BEGIN Records shown

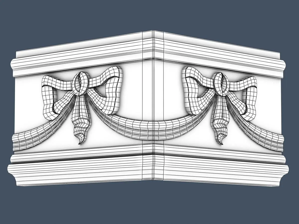Model consists of 3 modular pieces; a center ,inner and outer corner that can be seamlessly combined. Module size can be seen in the wireframe images.Naming convention used is: Frieze_### where ### stands for straight/inner/outer.Polygon count shown in the 3D model specification section is the sum of all 3 modules.Model contains only tris and quads, with good clean topology.Model is 10cm (3.9 inches) in height.Topology is set up so that model can be used without subdividing/smoothing as a background element.In case the model is to be used as the center piece of your render it can be subdivided/smoothed without any changes in its silhouette.
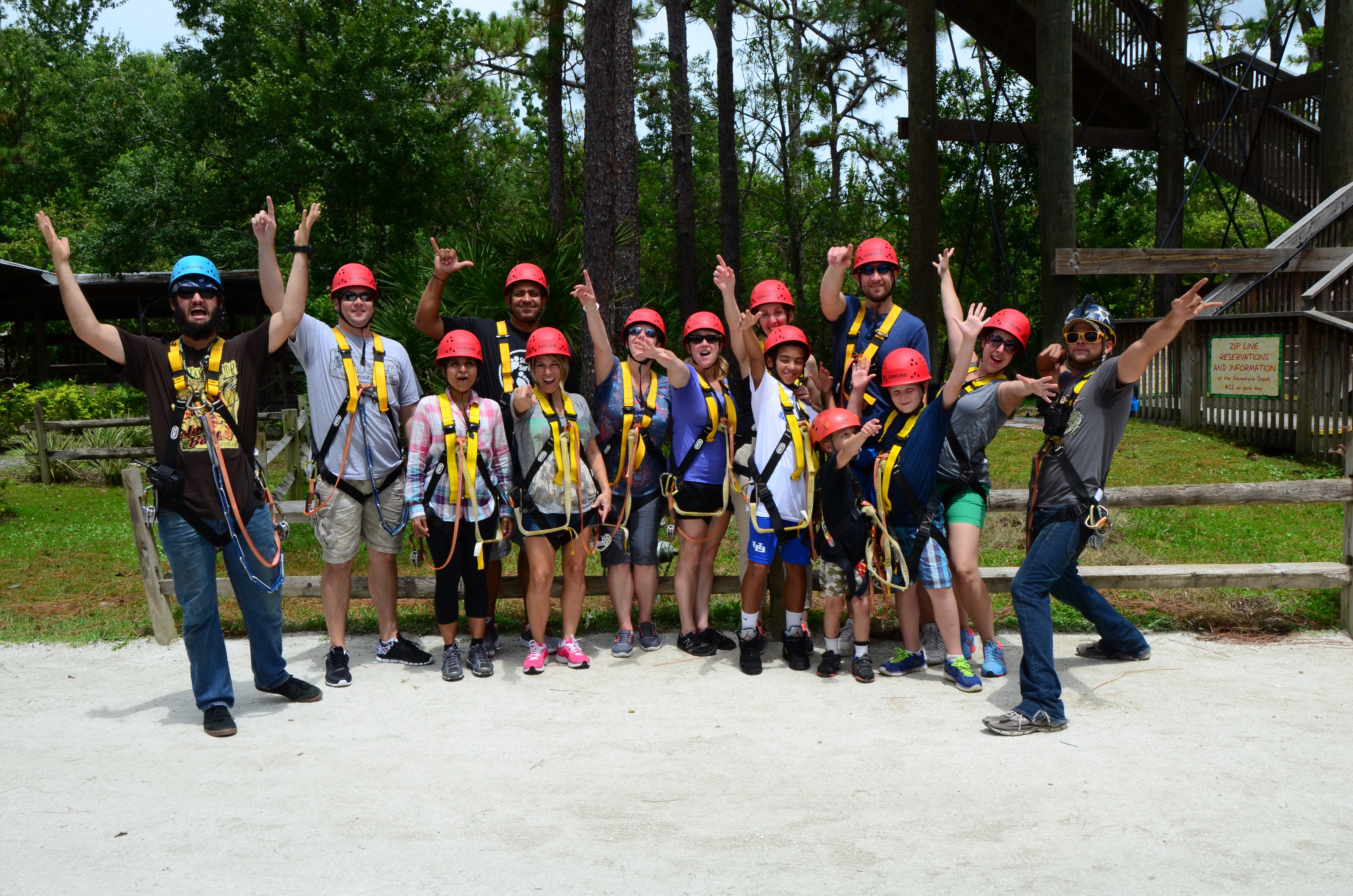 Rich and I went to Orlando with Caleb and Seth this summer.  I have already blogged about the majority of our vacation except for the fact that we went zip lining.  Gatorland doesn’t allow people to zip line with personal phones or cameras, so our group was photographed by a Gatorland photographer.  We purchased the CD of all the photos, and I just got them saved to my computer this past weekend.
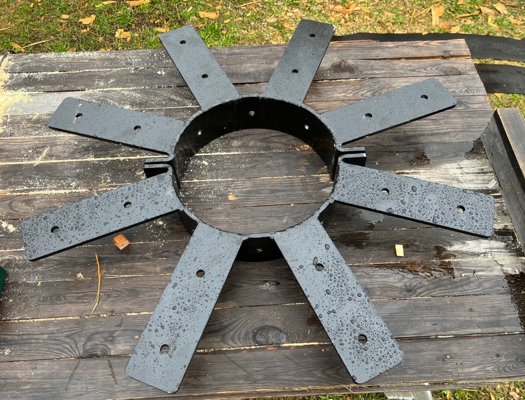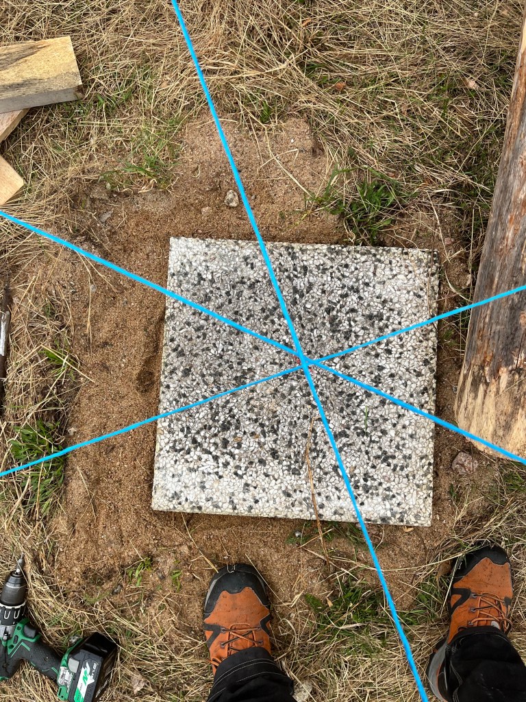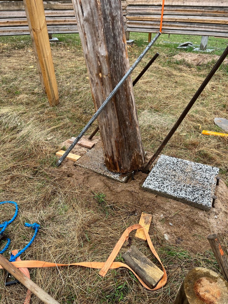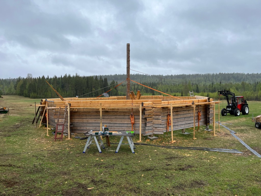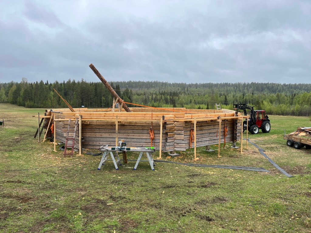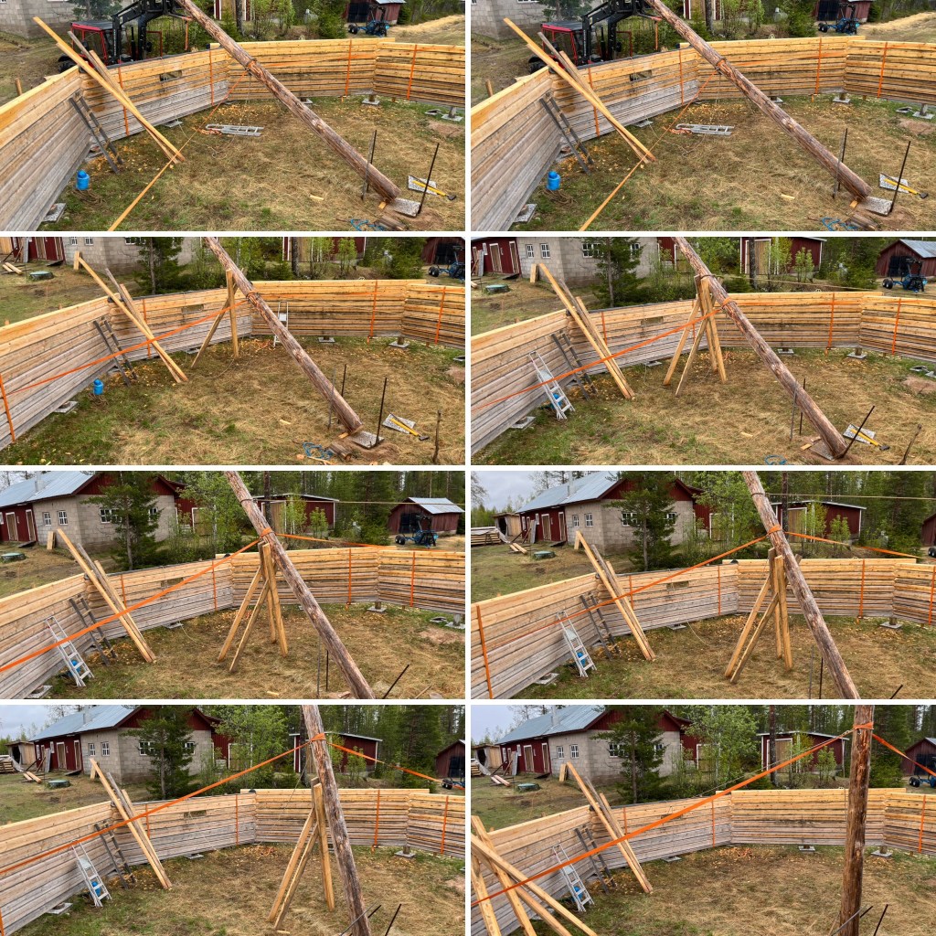 Nu är den uppe, den 6,5 meter höga ”pfallossymbolen”…😁. Det tog 6 timmar av planering och försiktigt försiktigt arbete med traktorn, spännband, spett m.fl. hjälpmedel. Det som nu återstår är att stötta upp den så den står i perfekt lod. Därefter timra två varv till och därefter ska 8 åsar fällas in i väggarna och fästas i centrumstolpen.
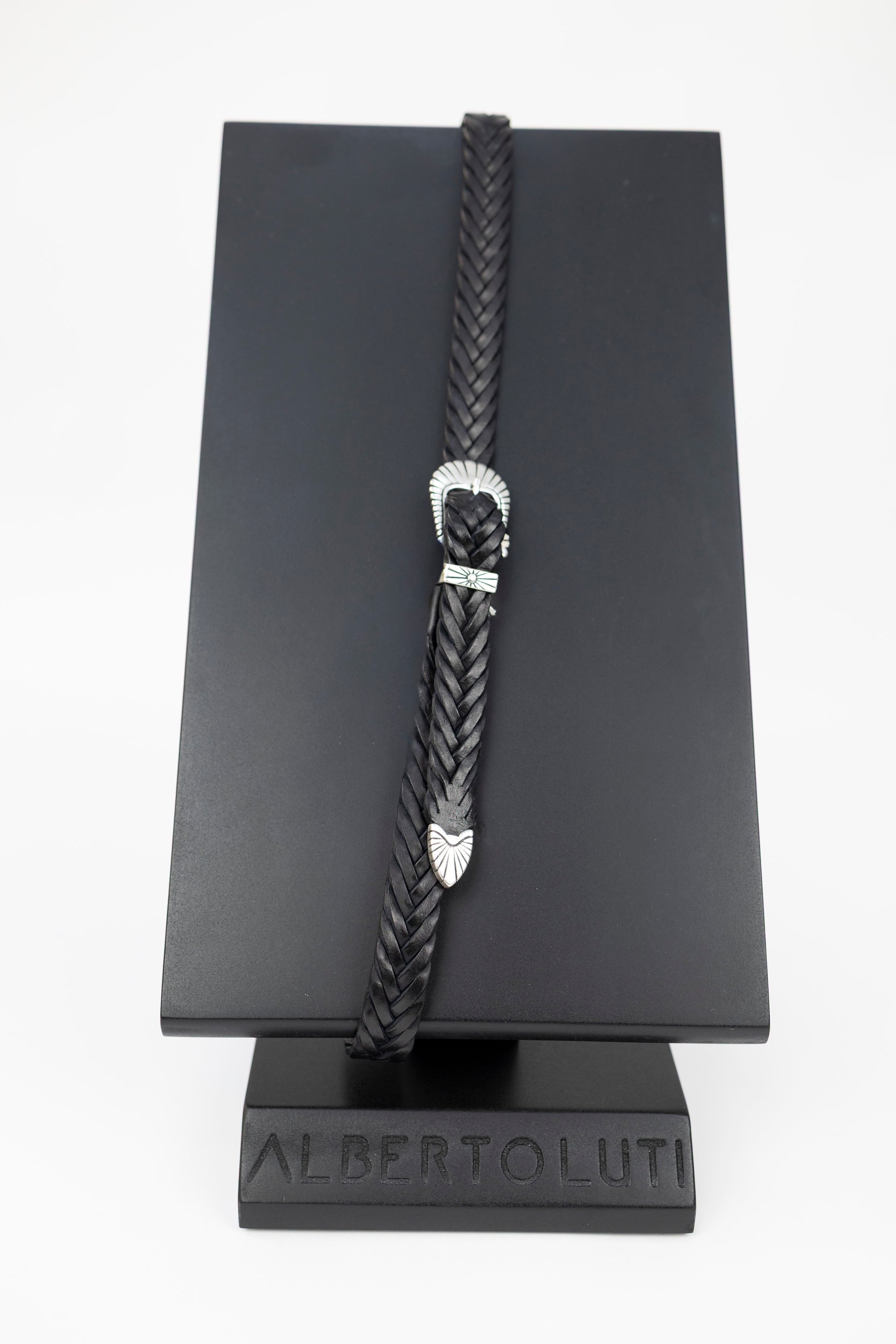 CINTURE IN PELLE TRECCIA NERO Alberto Luti
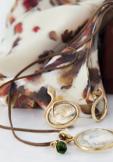 A sweet lotus pendant in brushed 18k yellow gold holding onto a smooth serpentine pod. Charlotte Lynggaard’s lifelong romance with precious stones ...
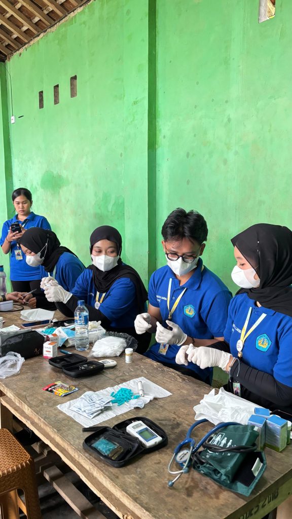 Pelaksanaan pemeriksaan kesehatan dilakukan setelah kegiatan senam selesai. Mahasiswa KKN dengan sigap mendampingi warga selama proses pemeriksaan, mulai dari pencatatan data, pengukuran tekanan darah, hingga penyampaian hasil pemeriksaan. Warga yang mengikuti pemeriksaan tampak antusias dan merasa terbantu dengan adanya layanan kesehatan gratis ini, mengingat tidak semua masyarakat memiliki kesempatan untuk melakukan pemeriksaan kesehatan secara rutin.
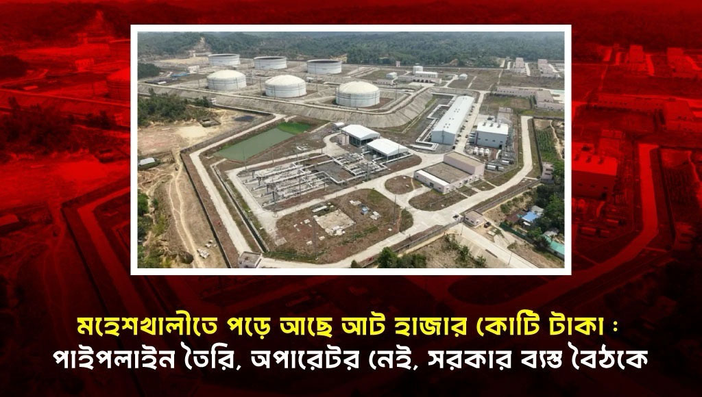 মহেশখালীতে বঙ্গোপসাগরের তীরে দাঁড়িয়ে আছে একটা বিশাল অবকাঠামো। ২২০ কিলোমিটার পাইপলাইন, ছয়টা বিশাল তেলের ট্যাংক, পাম্পিং স্টেশন, সব আছে। দুই লাখ টন তেল ধরার ক্ষমতা আছে। শুধু নেই একটা অপারেটর। আর সেই অপারেটর না থাকার কারণে প্রায় দুই বছর ধরে আট হাজার কোটি টাকার এই অবকাঠামো রোদে পুড়ছে, বৃষ্টিতে ভিজছে, কাজের কাজ কিছু হচ্ছে না।
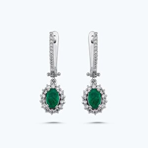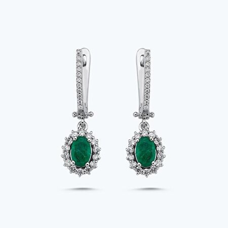 1.38 Karat Pırlanta Zümrüt Oval Küpe
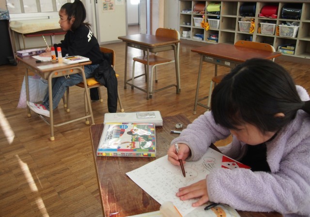 昼休みに全校に呼び掛けたところ、全ての子供たちが多目的室に集まりました。
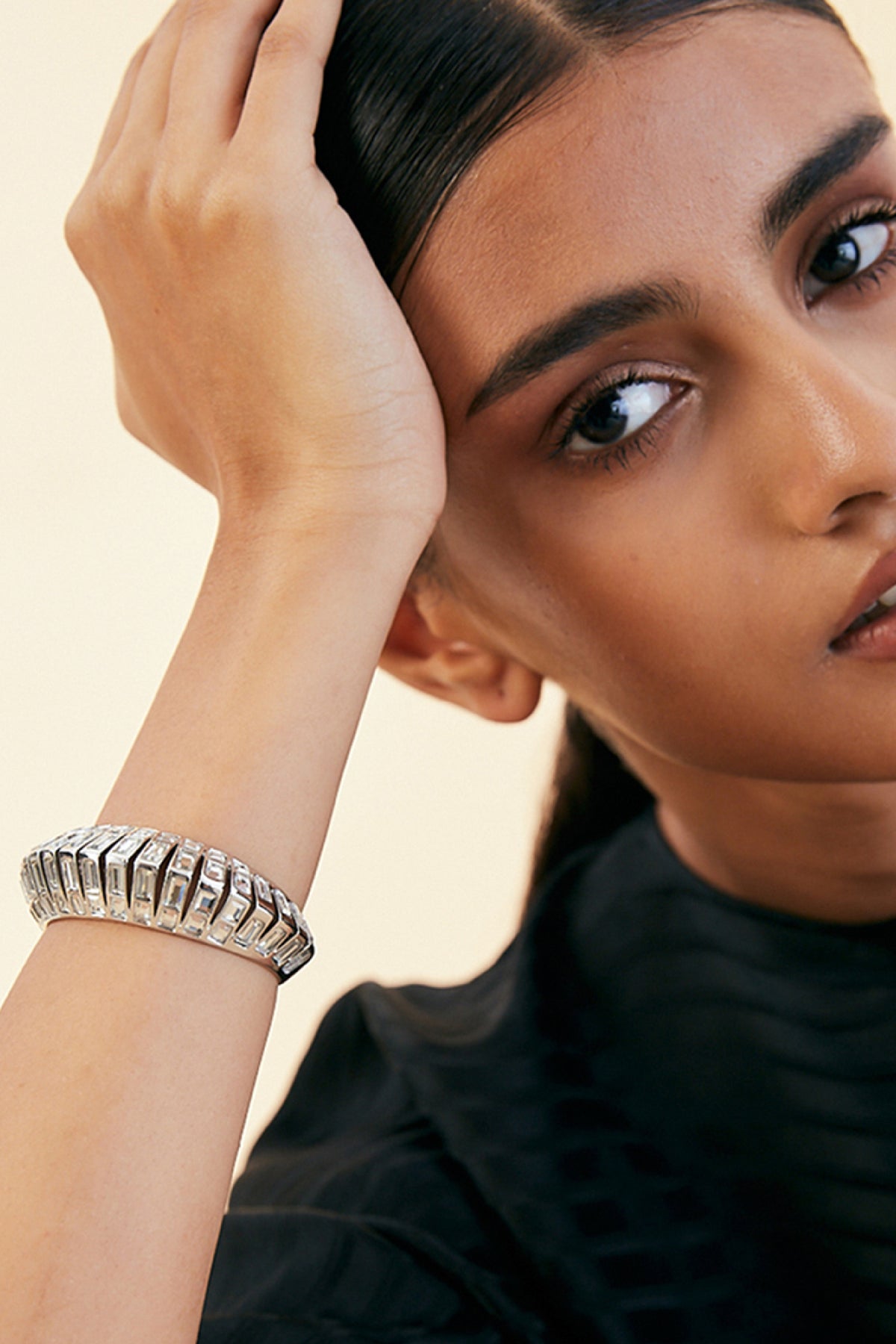 Handcrafted with mirror and rhodium plated brass. Wrists were made for more than just watches. Style this eye-catching wristwear over a sleeve for a high-fashion look and mix metals with its gold twin.

END Records shown

▸ Work instruction
Leaving pictures aside, give again word for word each line from the one with "1.38 Karat Pırlanta Zümrüt Oval Küpe" to the final line of the entries.

▸ Response area
 1.38 Karat Pırlanta Zümrüt Oval Küpe
 昼休みに全校に呼び掛けたところ、全ての子供たちが多目的室に集まりました。
 Handcrafted with mirror and rhodium plated brass. Wrists were made for more than just watches. Style this eye-catching wristwear over a sleeve for a high-fashion look and mix metals with its gold twin.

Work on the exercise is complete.